Tip: Looking for answers? Try searching our database.

Compression size

Thread view: 
Enable EMail Alerts  Start New Thread
Thread rating: 
VBA - 23 Jun 2007 03:48 GMT
I compressed a file with GZipStream class and is larger than the original
file.... how can this be?, the original file is 737 KB and the "compressed"
file is 1.1 MB. Did i miss something or is normal with that compression class?

Signature

VBA

Andrew Robinson - 23 Jun 2007 06:41 GMT
What type of file are you compressing? Some highly compressed files such as
images may grow in size when compressed a second time. Also, the Microsoft
algorithms are not idea but rather make an attempt to steer clear of patent
issues.

>I compressed a file with GZipStream class and is larger than the original
> file.... how can this be?, the original file is 737 KB and the
> "compressed"
> file is 1.1 MB. Did i miss something or is normal with that compression
> class?
VBA - 23 Jun 2007 06:52 GMT
First I compressed a txt file, i read that if a file is very small , the
compression can turn it larger in size, so then i tried with a mp3 file (not
sure if the file type matters) of 3.4 Mb, but turned it to 5.3
MB....so.....what's wrong??

Signature

VBA

> What type of file are you compressing? Some highly compressed files such as
> images may grow in size when compressed a second time. Also, the Microsoft
[quoted text clipped - 6 lines]
> > file is 1.1 MB. Did i miss something or is normal with that compression
> > class?
Scott C - 23 Jun 2007 08:10 GMT
> First I compressed a txt file, i read that if a file is very small , the
> compression can turn it larger in size, so then i tried with a mp3 file (not
> sure if the file type matters) of 3.4 Mb, but turned it to 5.3
> MB....so.....what's wrong??

MP3 is a compressed file... I bet you'd get better behavior with a 3.5
MB text file.

Scott
VBA - 23 Jun 2007 08:26 GMT
But i can only compress text files?? because a tried a while ago with a
pdf....and resulted the same..bigger size, but i don't know if a pdf file is
somehow compressed already.

by the way, when compressing a file, the resulting compressed file should be
with the same file extension? or i must use something like *.Z ????

Signature

VBA

> > First I compressed a txt file, i read that if a file is very small , the
> > compression can turn it larger in size, so then i tried with a mp3 file (not
[quoted text clipped - 5 lines]
>
> Scott
Marc Gravell - 23 Jun 2007 09:20 GMT
PDF can contain compressed graphics (and, IIRC, sometimes text), and
if it is encrypted the data can appear relatively random. Both of
these make it a poor choice for compression.

Put simply: some files compress very well indeed, and some don't.

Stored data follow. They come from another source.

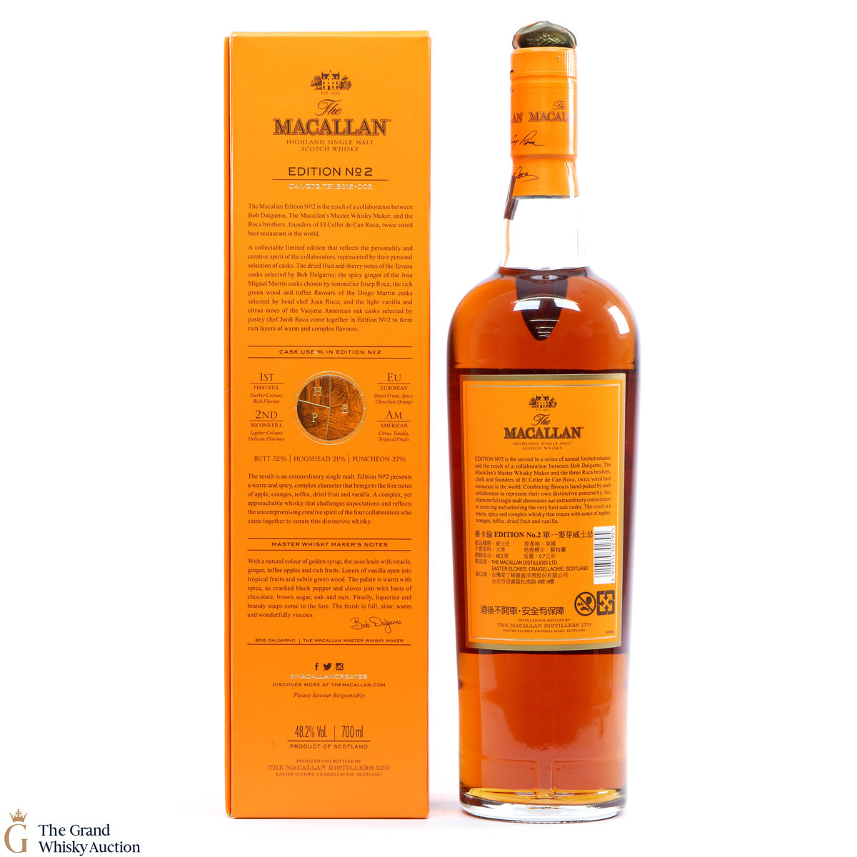 This is the second release from the Macallan Edition series. Edition No.2 is a collaboration between Macallan's master blender Bob Delgarno and legendary Spanish chefs Joan, Josep and Jordi Roca. The Rocas are the three brothers behind El Celler de Can Roca (named Best Restaurant in the World twice by Restaurant magazine). This single malt was drawn from a combination of sherry puncheons, butts and refill hogsheads.
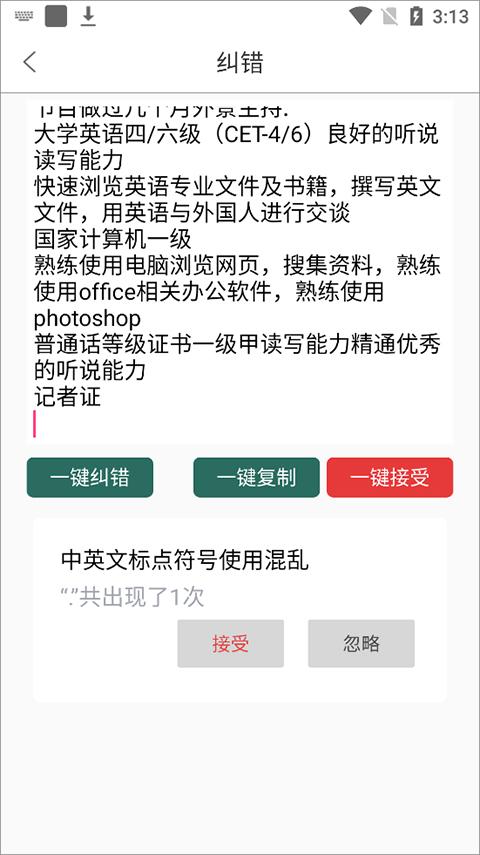 准确率还不错,软件是免费的,可以直接帮你对文本进行纠错,支持一键纠错功能,中英文标点符号使用混乱都可以帮你检测出来,还要什么自行车。
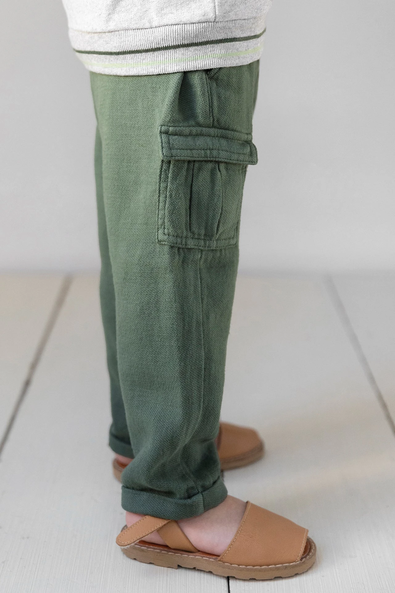 Cet adorable pantalon vert cargo en coton nattĂ© souple et en lin sera parfait pour habiller bĂ©bĂ© en cette saison. SpĂ©cialement conçu pour le confort des touts petits, ce pantalon est très agrĂ©able Ă porter grâce Ă ses diffĂ©rentes poches mais aussi facile Ă enfiler aux bĂ©bĂ©s notamment grâce Ă sa taille Ă©lastique. On aime l’associer Ă un joli polo de la mĂŞme collection pour un total look.

In
particular, those that are already compressed (or highly random) don't
tend to compress (and can get bigger).

Marc
Peter Duniho - 23 Jun 2007 11:26 GMT
> [...]
> by the way, when compressing a file, the resulting compressed file  
> should be
> with the same file extension? or i must use something like *.Z ????

You can name the compressed file whatever you like.  Of course, using the  
Gzip class, it's common to use the ".gz" extension for the output.  But  
there's no requirement that you do so.

Pete
Peter Duniho - 23 Jun 2007 11:28 GMT
> [...] Also, the Microsoft
> algorithms are not idea but rather make an attempt to steer clear of  
> patent
> issues.

GzipStream may not implement an ideal algorithm, but since Gzip itself is  
an open format, I doubt that patent issues are part of the question.
Tom Spink - 23 Jun 2007 10:35 GMT
> I compressed a file with GZipStream class and is larger than the original
> file.... how can this be?, the original file is 737 KB and the
> "compressed" file is 1.1 MB. Did i miss something or is normal with that
> compression class?

Hi VBA,

Random data is hard to compress, as compression techniques often work on
probabilities (e.g. Huffman encoding).  So, encrypted files and already
compressed files, such as MP3s, JPEGs, GIFs, etc will not compress at all.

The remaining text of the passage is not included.